Friedman v. Baxley

On Motion for Rehearing.

In a motion for rehearing, counsel for the plaintiff in error make the contention that the judgment of this court dismissing the writ of error was predicated on the arrangement of the documents sent up as constituting the bill of exceptions, that this arrangement was the act of the clerk of the court, and that the plaintiff in error ought not to be penalized for an error in the performance of a ministerial act on the part of the clerk of the court. From the facts set forth in the original opinion, it is apparent that what happened in this case was that counsel for the plaintiff in error tendered to the trial judge a bill of exceptions, that the judge returned it with his objections, that counsel prepared an amendment to the original bill and then when he submitted that amendment the judge certified that paper instead of the original bill.

The law places on counsel for the plaintiff in error the duty of seeing that his bill of exceptions is in proper form before he tenders it to the trial judge for his signature.
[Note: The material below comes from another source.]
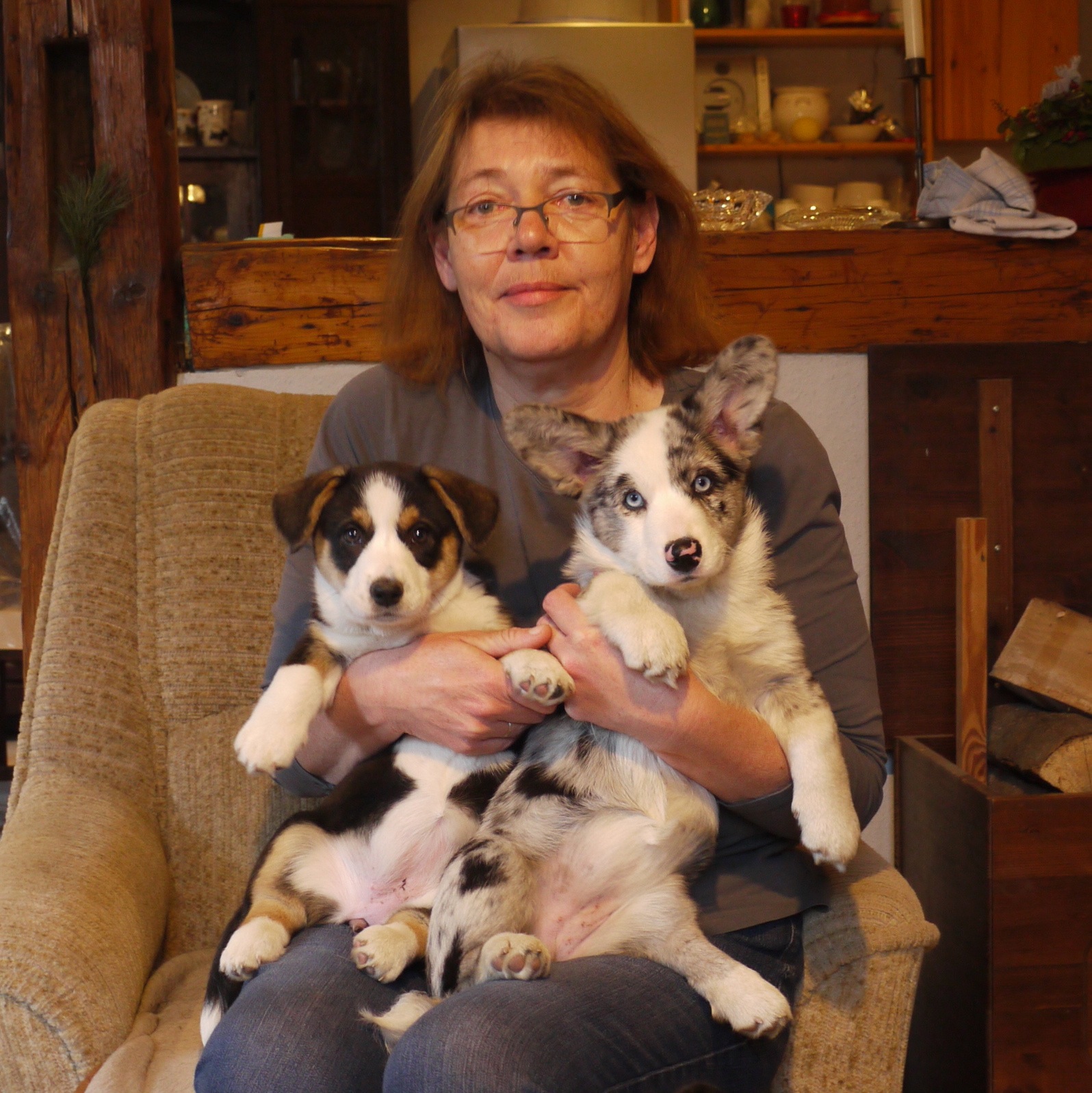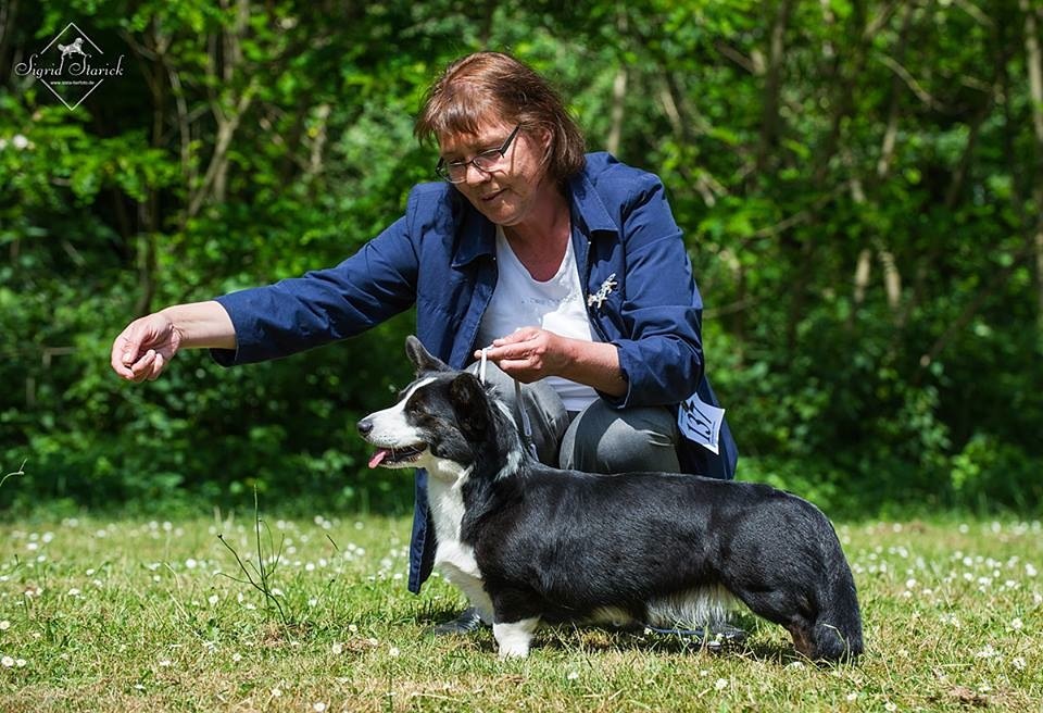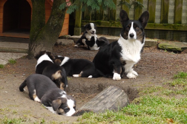 | Myfanwy ist nicht die einzige auf unserem M-Wurf, die für Nachwuchs sorgen soll. Ihre Schwester Meryl (Ch. Joy Transfer Meryl) in Frankreich ist bereits tragend. Und in Wales erwartet die hübsche Rhiwelli Alys von Yvonne Caul einen Wurf von Meurig (Joy Transfer Magic in Blue). Wir freuen uns gespannt auf sämtliche Nachkommen der M-Geschwister und sind jetzt schon stolz auf alle Enkelkinder unserer unvergessenen Glenys. | |||

It is not the clerk’s duty to arrange the papers or to make up the bill of *245exceptions, but only to certify and transmit the document as submitted to him. If the bill of exceptions was not in proper form when transmitted to this court, it was not the clerk’s fault. The law, as embodied in Code Ch. 6-9, contemplates that when a trial judge returns a bill of exceptions with his objections, counsel should (except in those cases where he desires to mandamus the judge to sign it as originally tendered) redraft the document and resubmit it to the court as a single unified document.

Accordingly, the motion for a rehearing is denied.